My research methods are experimental and collaborative, involving both arts-based inquiry and ethnographic work. Most recently, I have been developing the Museum of Random Memory with a large network of researchers, activists and artists. It is a series of arts-based public interventions and experiments designed to spark reflection about the underlying complexities of everyday digital media usage. We explore questions such as: How can we retake control of the Big Data we produce in our everyday lives, especially now that digital platforms continually track us and create memories on our behalf?

Other work I’ve done focuses, for example, on APIs as elements of infrastructures that enable and shape the networking of urban data; rethorical analysis of young people’s experiences of their social media usage; and more artistic approaches to Artificial Intelligence in the archives of museums. In my research, so far, I have been drawing on critical infrastructure studies (from STS), new materialism, platform studies, critical code/algorithm studies and other related feminist/critical perspectives on technology.

A lot of my research projects stem from different collaborations. To mention a few: the Digital Living Research Commons at Aarhus University, which is home to diverse projects on datafication and digitalisation (where Annette Markham, my supervisor, is co-director); and the Center for Arts, Design, and Social Research, which is a global network of collaboration and experimentation in arts and research.
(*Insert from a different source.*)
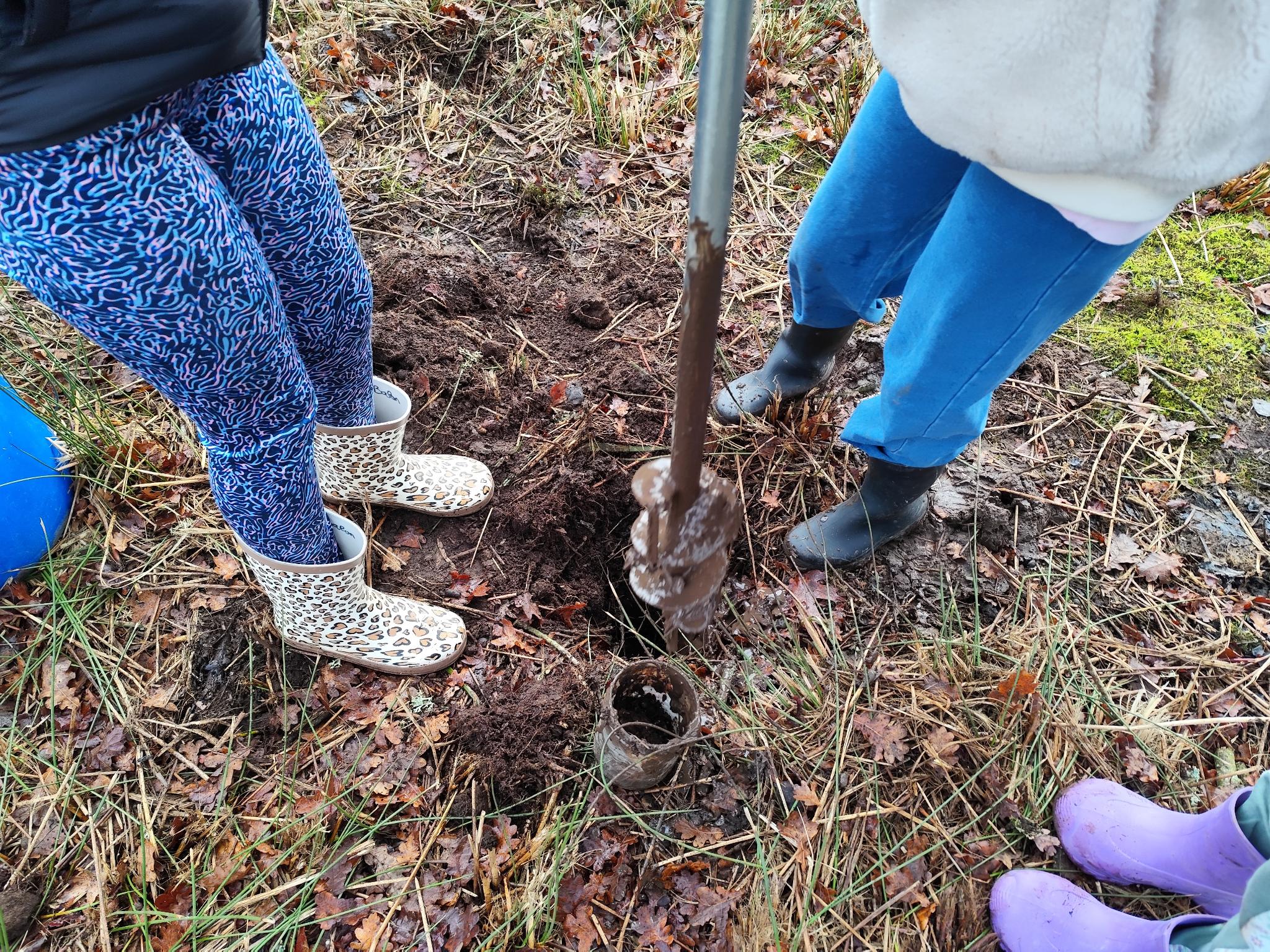 Nous avons creusé des trous avec des pelles et des tarières pour voir à quelle profondeur se situe l’eau sur la lande tourbeuse. A certains endroits, elle se situe à 1 mètre de profondeur, à d’autres, à une trentaine de centimètres.
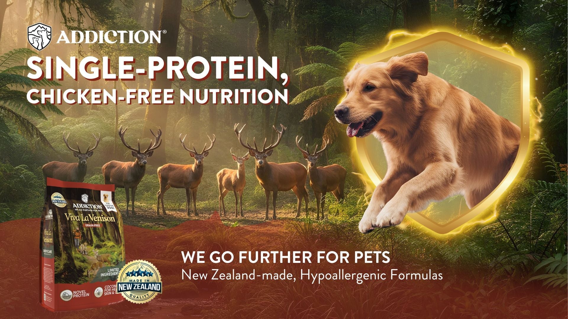 At Addiction, we believe pets deserve food made from real, pure ingredients. That’s why our hypoallergenic recipes use single proteins like kangaroo or venison, which are easier to digest and less likely to cause sensitivities.

Now: What am I doing here? I became interested in this class because it relates directly to my research practice in critical studies of technology. That being said, it offers new perspectives to me, specially related with values-driven/community-driven design. Often I have used research and arts perspectives without necessarily thinking in design terms, so it would certainly be a useful tool. Also, I feel that, specially today, when our world becomes saturated in digital tech, we need to approach it from many different perspectives and tools. Learning how to think about technology from a social change perspective and the design elements of this is part not only of studying technology, but of thinking about how to create better technology and research for the world.